4. **Concluding the metacog work failed.** It produced a *useful* negative
result (the router-entropy hypothesis is empirically wrong at this
scale, and the abstain head is not liftable). Negative results are
first-class deliverables here; see `PAPER_OUTLINE.md`.
5. **Asking the ternary pretrain checkpoint a question.** It was not
SFT'd. Use `tilelli_chat_v4.pt` for chat (the default in `chat.py`
and `infer.py`) and the ternary one for story continuation only.
6. **Editing `src/tilelli/core/` to "fix" the architecture.** The bundled
v4 ckpt is tied to this exact code.

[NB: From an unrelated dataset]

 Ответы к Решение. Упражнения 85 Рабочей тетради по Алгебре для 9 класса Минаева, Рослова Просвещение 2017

Architecture edits will break
checkpoint loading. The reproducers will then exit non-zero and the
numbers in §3 will no longer be defensible.
## 7. What is NOT in this repo (so don't look for it)

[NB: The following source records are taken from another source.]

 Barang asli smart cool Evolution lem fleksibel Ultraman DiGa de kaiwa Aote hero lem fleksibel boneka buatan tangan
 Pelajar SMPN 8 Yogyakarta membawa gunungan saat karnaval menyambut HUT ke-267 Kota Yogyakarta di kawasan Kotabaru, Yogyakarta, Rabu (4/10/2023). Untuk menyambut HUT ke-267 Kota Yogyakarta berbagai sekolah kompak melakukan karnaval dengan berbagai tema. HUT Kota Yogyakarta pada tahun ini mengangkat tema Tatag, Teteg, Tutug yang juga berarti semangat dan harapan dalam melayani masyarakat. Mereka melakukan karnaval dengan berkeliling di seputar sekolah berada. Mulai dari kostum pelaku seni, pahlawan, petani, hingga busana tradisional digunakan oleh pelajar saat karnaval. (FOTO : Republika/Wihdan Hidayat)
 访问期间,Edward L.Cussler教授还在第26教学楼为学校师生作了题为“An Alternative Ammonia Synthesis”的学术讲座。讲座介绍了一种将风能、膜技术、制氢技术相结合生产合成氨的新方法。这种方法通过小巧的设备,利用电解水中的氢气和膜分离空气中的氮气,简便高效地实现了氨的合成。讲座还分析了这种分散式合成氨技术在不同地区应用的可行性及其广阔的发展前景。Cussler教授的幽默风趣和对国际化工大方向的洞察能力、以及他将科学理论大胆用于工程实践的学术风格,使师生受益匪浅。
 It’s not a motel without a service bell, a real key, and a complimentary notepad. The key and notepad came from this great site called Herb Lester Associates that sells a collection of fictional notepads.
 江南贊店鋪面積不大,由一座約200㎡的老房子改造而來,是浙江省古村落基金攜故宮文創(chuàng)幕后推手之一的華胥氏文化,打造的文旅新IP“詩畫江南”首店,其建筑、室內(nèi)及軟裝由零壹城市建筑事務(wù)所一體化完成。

- The FineWeb-Edu pretraining pipeline (the 12K-step training that
produced v4). Private. The bundled trainer reproduces the *recipe*
on TinyStories, not the v4 ckpt.
- The chat SFT data that produced v4. Private.

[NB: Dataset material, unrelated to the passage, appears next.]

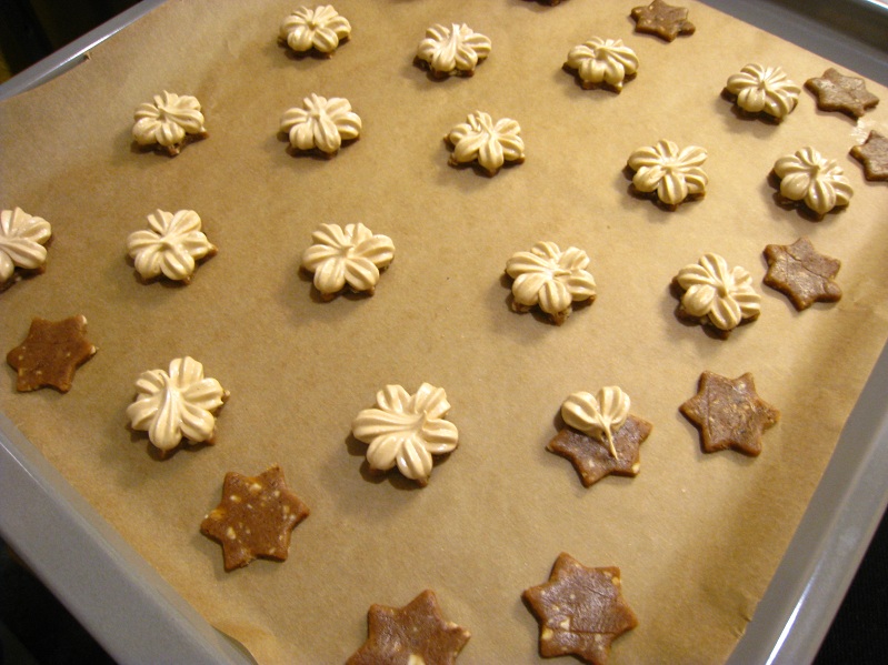 Das Baiser aufzuspritzen ist schon mühselig und das Rezept ist für 100 Stück ausgelegt. Ich habe ein Fünftel des Rezepts gebacken, kleine Sternausstecher von einem Durchmesser von 3,5 cm (Zacke zu Zacke) genommen und knapp 30 Stück herausbekommen.
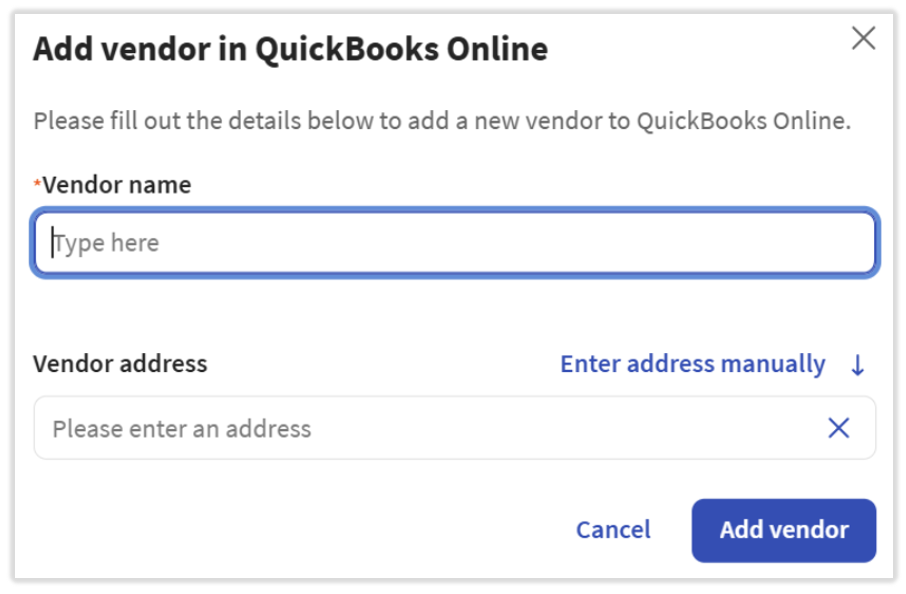 Next, you'll sync your vendors between the two products. Just like before, we will auto-assign any xtraCHEF vendors that exactly match a vendor in QuickBooks, but you may still need to assign some yourself. Select Add vendor to add a new vendor directly in QuickBooks Online.

- The failed metacog ckpts (v5 / v6 / v7 / v8a / v8b / splice).
Available on request via `hello@tilelli.tech` for negative-result
replication.
- The Spectrum (power-of-3 7-level quantization) line — lives in the
source repo's `mosaic/spinoffs/spectrum/`, not here.
- A GPU training requirement. Don't add one.
## 8. House rules for code edits
- **Don't pin torch in `pyproject.toml`.** It's intentionally
unconstrained (`torch>=2.1,<3`) so users can pick CPU / CUDA / MPS at
install time. The comment in `pyproject.toml` says so.
- **Don't change `weights_only=False` in the checkpoint loader.** The
bundled ckpts are author-trusted; the loader (`src/tilelli/utils/checkpoint.py`)
is a single audited surface. For untrusted third-party ckpts, verify
the SHA from the README first.
- **Don't add new top-level dependencies casually.** The kit is
intentionally `torch + numpy`. Anything else, justify in the PR.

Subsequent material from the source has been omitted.